**Work to complete:**
With pictures left out, extract every line between the start of the records below and the line holding "雄安新区生态环境局相关负责人", inclusive.

--------------------------------

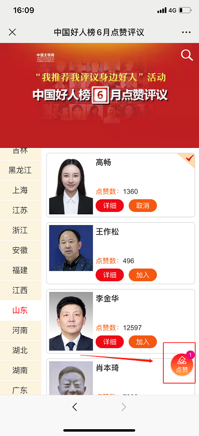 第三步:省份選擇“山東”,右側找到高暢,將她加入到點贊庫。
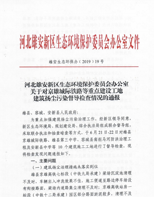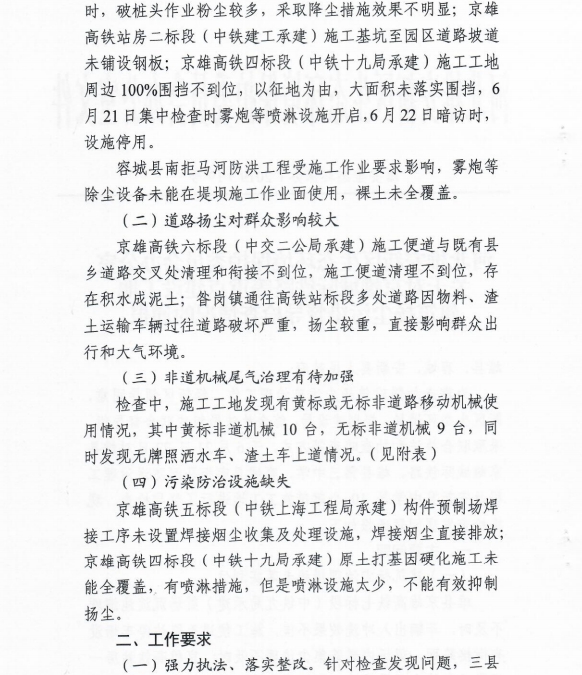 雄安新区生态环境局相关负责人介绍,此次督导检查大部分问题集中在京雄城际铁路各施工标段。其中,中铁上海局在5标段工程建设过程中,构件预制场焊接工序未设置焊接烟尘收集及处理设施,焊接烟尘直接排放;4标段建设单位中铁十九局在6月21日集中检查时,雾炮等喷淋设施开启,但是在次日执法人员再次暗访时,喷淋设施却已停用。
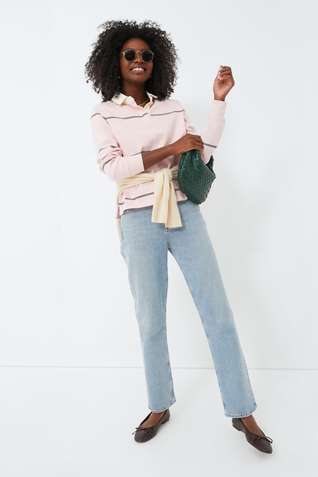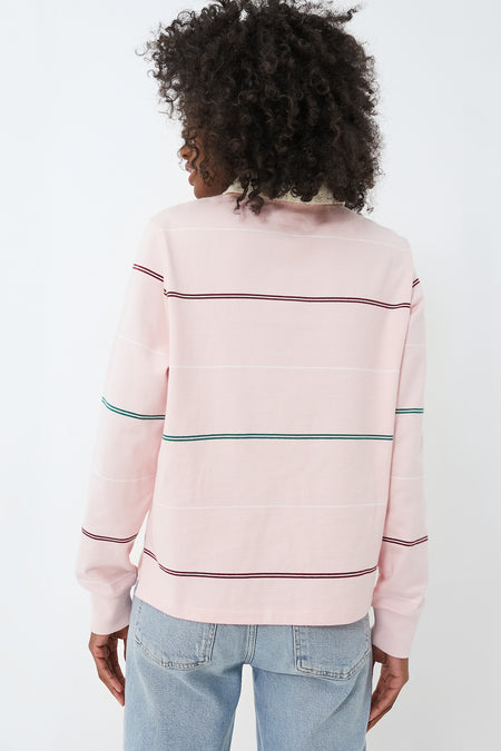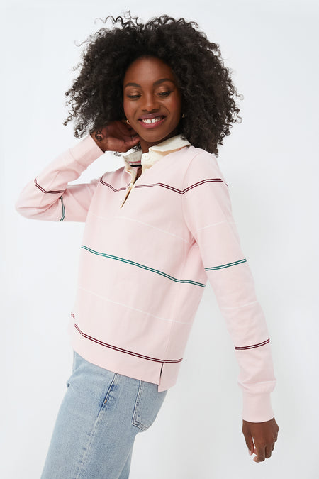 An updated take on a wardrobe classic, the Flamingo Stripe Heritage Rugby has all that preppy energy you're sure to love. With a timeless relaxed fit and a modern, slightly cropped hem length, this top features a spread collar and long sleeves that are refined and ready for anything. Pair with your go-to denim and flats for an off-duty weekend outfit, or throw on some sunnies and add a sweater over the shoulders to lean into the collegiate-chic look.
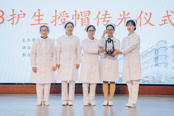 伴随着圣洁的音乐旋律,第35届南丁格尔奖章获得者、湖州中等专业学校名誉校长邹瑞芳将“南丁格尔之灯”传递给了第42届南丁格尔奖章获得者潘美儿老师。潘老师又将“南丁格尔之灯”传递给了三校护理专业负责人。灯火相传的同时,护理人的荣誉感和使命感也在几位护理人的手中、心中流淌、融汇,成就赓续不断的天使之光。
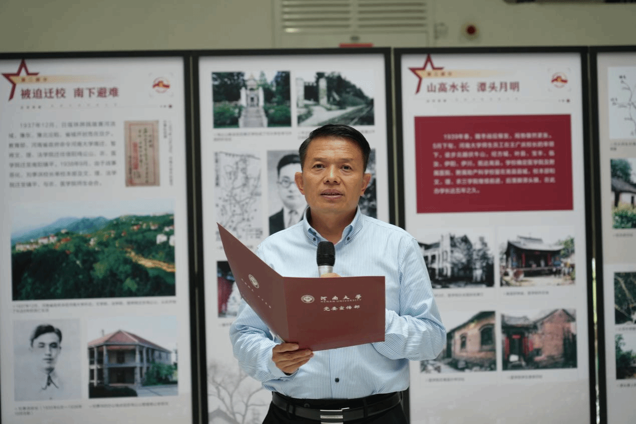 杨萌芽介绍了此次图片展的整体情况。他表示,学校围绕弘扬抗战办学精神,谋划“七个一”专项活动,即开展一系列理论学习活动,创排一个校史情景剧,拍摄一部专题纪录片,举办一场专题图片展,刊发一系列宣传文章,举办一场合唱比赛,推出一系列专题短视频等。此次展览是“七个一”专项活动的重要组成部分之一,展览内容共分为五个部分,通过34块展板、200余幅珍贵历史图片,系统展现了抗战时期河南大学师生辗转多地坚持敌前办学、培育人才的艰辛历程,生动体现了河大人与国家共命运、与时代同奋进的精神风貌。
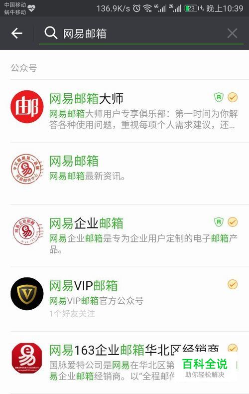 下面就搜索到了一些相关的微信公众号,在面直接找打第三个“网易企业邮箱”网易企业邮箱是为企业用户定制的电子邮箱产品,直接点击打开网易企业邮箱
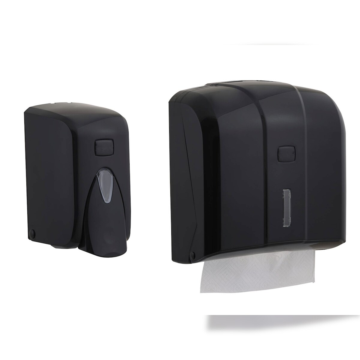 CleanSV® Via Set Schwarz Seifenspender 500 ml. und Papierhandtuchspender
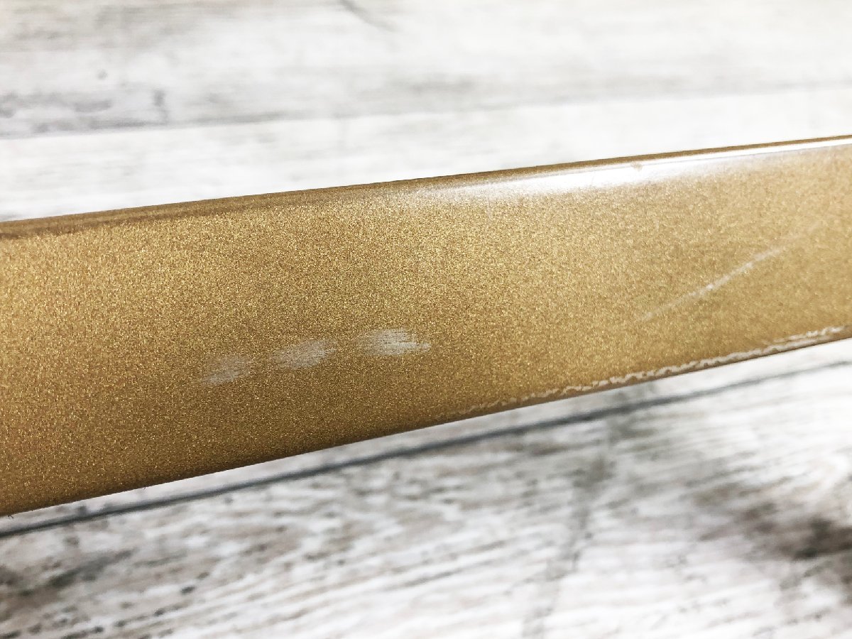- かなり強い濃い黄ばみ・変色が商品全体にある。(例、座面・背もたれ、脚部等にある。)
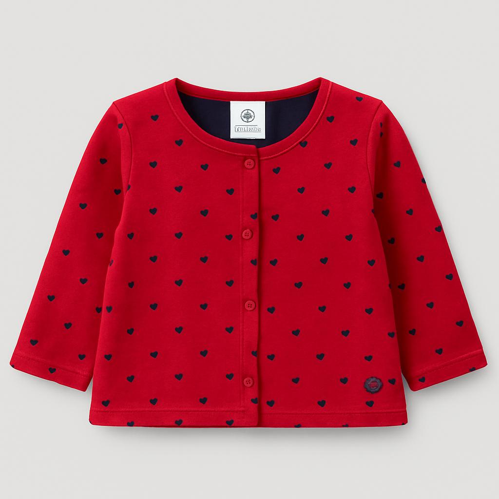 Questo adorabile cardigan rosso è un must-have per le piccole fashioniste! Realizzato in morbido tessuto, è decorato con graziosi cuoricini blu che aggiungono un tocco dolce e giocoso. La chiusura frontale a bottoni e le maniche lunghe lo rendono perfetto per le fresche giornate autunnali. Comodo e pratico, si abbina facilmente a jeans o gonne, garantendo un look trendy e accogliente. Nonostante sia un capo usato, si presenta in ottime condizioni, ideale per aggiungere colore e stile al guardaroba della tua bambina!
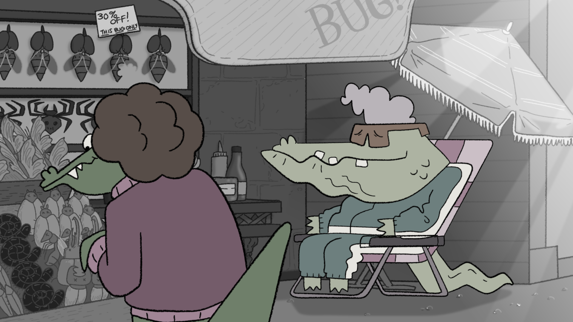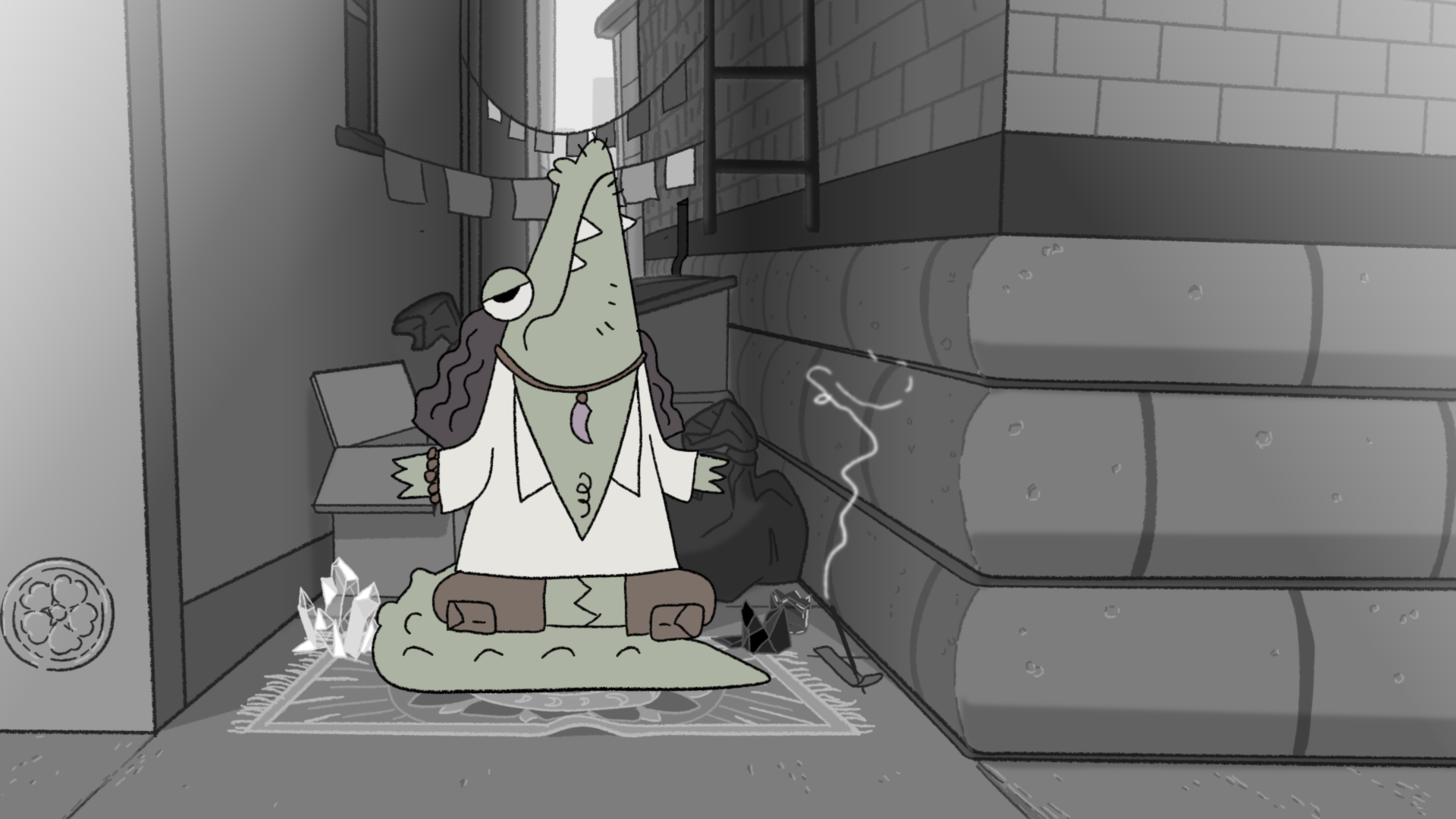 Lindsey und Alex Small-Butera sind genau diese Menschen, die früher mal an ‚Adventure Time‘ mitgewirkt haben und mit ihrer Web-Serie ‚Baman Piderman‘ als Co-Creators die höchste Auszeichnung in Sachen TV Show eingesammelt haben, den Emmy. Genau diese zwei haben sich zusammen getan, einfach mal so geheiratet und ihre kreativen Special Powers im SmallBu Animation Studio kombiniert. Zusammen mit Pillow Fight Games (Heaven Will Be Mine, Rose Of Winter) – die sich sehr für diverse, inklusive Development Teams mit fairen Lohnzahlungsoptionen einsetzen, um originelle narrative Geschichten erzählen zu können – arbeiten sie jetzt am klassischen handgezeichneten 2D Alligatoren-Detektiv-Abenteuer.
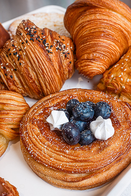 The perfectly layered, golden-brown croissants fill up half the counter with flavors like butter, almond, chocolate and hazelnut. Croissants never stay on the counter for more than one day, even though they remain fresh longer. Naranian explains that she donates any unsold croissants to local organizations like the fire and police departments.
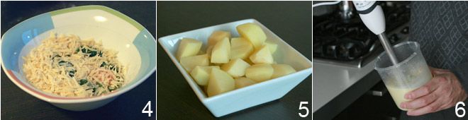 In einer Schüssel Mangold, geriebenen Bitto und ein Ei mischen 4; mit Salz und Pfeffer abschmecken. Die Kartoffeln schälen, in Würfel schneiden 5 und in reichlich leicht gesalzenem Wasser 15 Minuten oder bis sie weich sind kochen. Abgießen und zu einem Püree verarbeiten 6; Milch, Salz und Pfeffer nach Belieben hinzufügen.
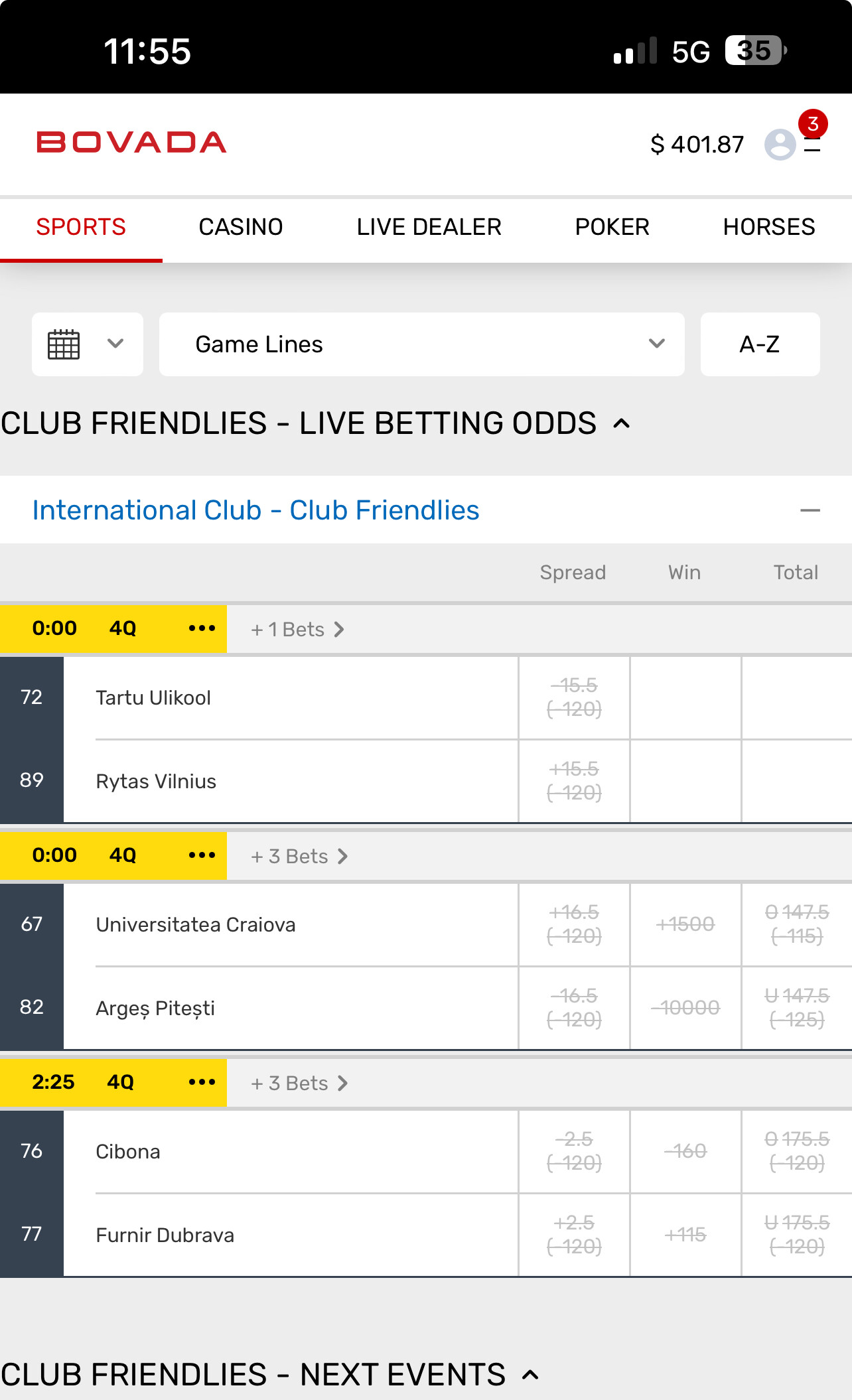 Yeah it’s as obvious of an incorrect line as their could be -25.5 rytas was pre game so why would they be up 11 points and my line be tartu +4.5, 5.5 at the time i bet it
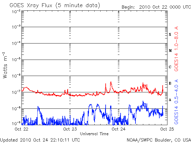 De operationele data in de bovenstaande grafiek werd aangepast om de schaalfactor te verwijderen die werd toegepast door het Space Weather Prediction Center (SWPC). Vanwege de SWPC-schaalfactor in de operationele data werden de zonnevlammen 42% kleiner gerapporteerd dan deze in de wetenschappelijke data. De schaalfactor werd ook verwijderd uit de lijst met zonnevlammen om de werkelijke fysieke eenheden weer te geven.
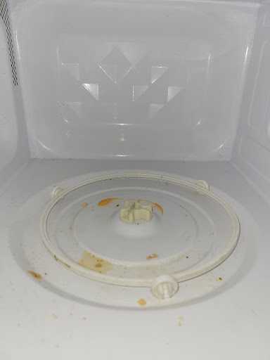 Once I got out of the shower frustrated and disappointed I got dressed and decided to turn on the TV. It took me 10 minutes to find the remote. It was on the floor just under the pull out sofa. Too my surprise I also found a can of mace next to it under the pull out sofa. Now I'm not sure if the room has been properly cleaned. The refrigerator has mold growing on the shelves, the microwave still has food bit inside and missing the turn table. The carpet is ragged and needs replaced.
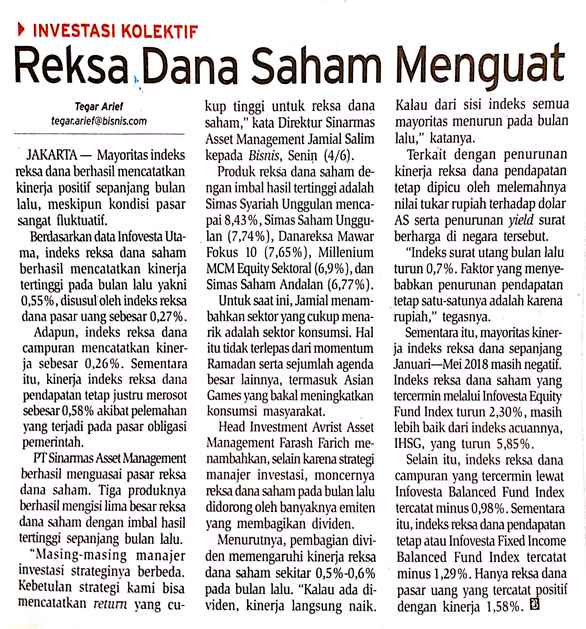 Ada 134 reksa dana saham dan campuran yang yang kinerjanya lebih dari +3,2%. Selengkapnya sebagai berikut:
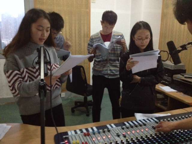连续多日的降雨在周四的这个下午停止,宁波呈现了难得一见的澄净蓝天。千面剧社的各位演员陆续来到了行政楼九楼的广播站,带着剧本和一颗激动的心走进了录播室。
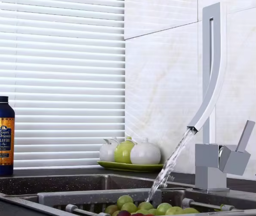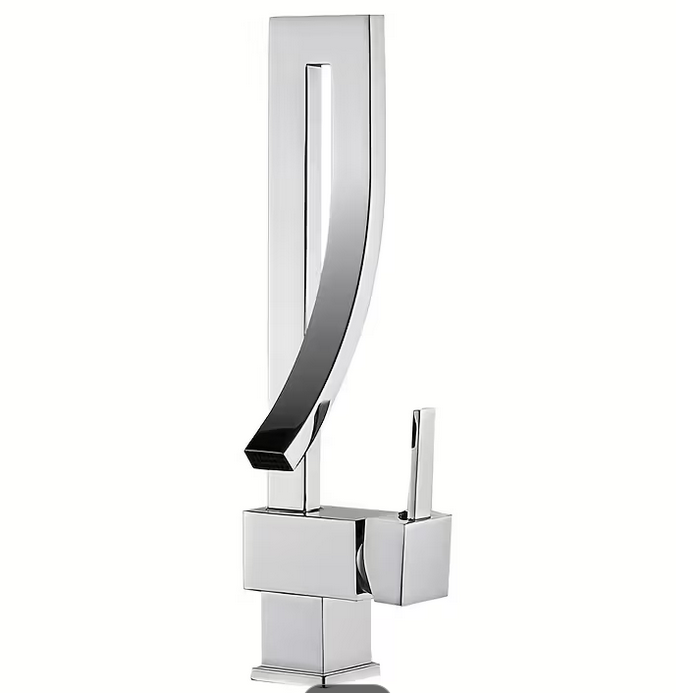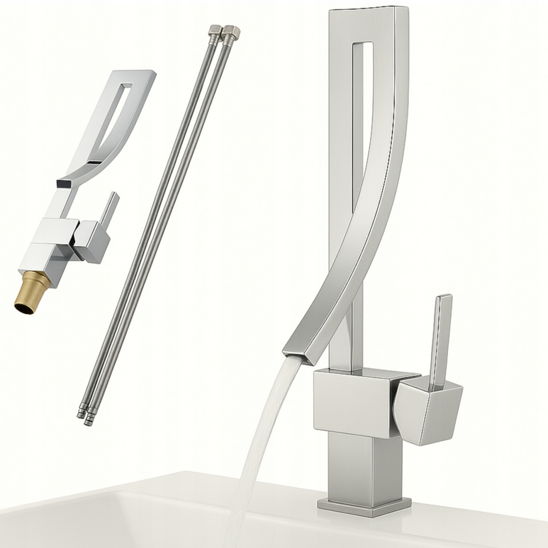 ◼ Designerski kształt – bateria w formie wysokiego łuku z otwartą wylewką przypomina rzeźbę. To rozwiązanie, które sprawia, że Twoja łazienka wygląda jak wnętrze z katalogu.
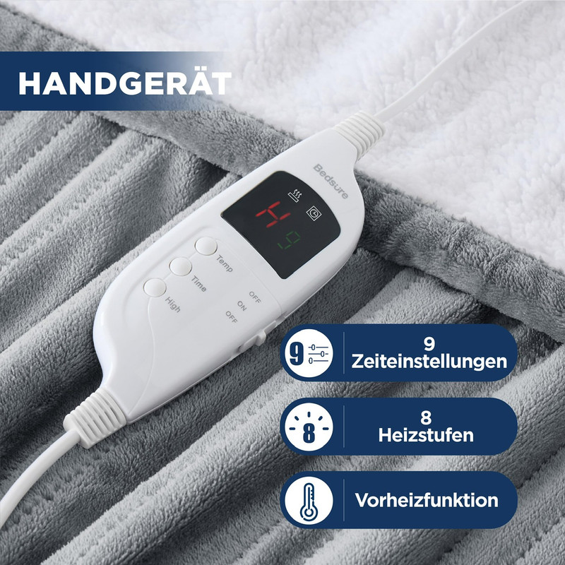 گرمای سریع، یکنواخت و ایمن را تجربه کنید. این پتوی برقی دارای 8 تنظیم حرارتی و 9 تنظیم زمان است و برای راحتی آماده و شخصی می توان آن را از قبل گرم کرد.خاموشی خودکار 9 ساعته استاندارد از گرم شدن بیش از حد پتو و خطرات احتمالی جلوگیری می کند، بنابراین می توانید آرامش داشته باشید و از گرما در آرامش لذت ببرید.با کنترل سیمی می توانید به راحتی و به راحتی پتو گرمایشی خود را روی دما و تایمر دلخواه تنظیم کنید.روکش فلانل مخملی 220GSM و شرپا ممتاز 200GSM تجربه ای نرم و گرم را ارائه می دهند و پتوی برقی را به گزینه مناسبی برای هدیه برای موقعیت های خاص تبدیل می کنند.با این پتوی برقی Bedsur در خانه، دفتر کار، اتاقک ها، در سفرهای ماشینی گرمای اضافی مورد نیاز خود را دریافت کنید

--------------------------------

**Task solution:**
 第三步:省份選擇“山東”,右側找到高暢,將她加入到點贊庫。
 雄安新区生态环境局相关负责人介绍,此次督导检查大部分问题集中在京雄城际铁路各施工标段。其中,中铁上海局在5标段工程建设过程中,构件预制场焊接工序未设置焊接烟尘收集及处理设施,焊接烟尘直接排放;4标段建设单位中铁十九局在6月21日集中检查时,雾炮等喷淋设施开启,但是在次日执法人员再次暗访时,喷淋设施却已停用。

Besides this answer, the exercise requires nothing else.